The Space Launch System is a critical part of NASA’s next moonshot, the Artemis program, named for the sister of Apollo, which promises to send a woman and a man to the moon by 2024. With an upper stage and payload atop its core, the new moon rocket will stand 322 feet tall. That’s 41 feet shorter than Apollo’s Saturn V, but on the launchpad, the SLS will produce 15 percent more thrust—8.8 million pounds, as opposed to the Saturn’s 7.5 million pounds.

By a 2010 order of Congress, the SLS relies heavily on long-proven hardware from the space shuttle, including engines, solid-fuel boosters, fittings, and tank design. It also got a head start from pieces developed and tested for the earlier Constellation space exploration program, which, before it was canceled in 2010, had begun work on its own heavy-lift launch vehicle, the Ares I and V rockets. Because of this double legacy, there was an expectation outside NASA that SLS development would be, if not a breeze, not a reach either. Although SLS relies heavily on hardware from the reusable shuttle, it is a simpler machine because nothing from the SLS launch vehicle will return for refurbishment and reuse.

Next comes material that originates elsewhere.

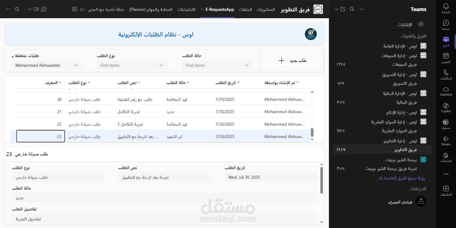 تنفيذ وتدريب الفرق على استخدام Microsoft Teams لإنشاء مساحات عمل موحدة (Workspaces) للإنتاج، المبيعات، والمالية.

But it turns out that nothing about a heavy-lift launch vehicle is simple, especially one designed to provide the performance that the deep-space Artemis program requires. High performance requires invention; invention requires test, refinement, and more test; and lives are at stake. As far as NASA and its principal contractor Boeing are concerned, the SLS is a brand new beast, and its parts must prove themselves individually and collectively. If any of the technical challenges are not addressed adequately, the result could be what NASA managers call a “bad day”—multimillion-dollar damage on the ground or the catastrophic loss of a mission.

Left over from the space shuttle program, four RS-25 engines were installed in the SLS core stage last October. This core stage will be tested at the Stennis Space Center this spring and, with solid-fuel boosters, will launch Artemis I in 2021. (NASA / Jared Lyons)
Northrop Grumman technicians in Promontory, Utah fill the SLS solid-fuel booster segments with propellant the consistency of a pencil eraser. Each booster produces more than 3.6 million pounds of thrust. (Northrop Grumman)
In July 2018 at Marshall, a test model of the SLS intertank was subjected to forces that mimic those of launch and ascent. Other tests verified the section’s 26 avionics boxes and 200 sensors. (NASA / Todd Boles)

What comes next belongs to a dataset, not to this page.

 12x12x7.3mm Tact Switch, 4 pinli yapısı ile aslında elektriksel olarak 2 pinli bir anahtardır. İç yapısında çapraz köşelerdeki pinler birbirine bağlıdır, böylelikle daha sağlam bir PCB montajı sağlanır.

“Every day is a new challenge, and you can quote me,” said Chris Cianciola, Marshall Space Flight Center’s deputy program manager for the Space Launch System. Cianciola has shifted his workplace from Marshall in Huntsville, Alabama, to the Michoud Assembly Facility, the Louisiana complex 15 miles northeast of downtown New Orleans where the enormous pieces of the rocket core stage are being welded and bolted together. “I can’t tell you what you will see tomorrow,” he says. “What we’re doing on the core stage—each operation is the first time it’s being performed.”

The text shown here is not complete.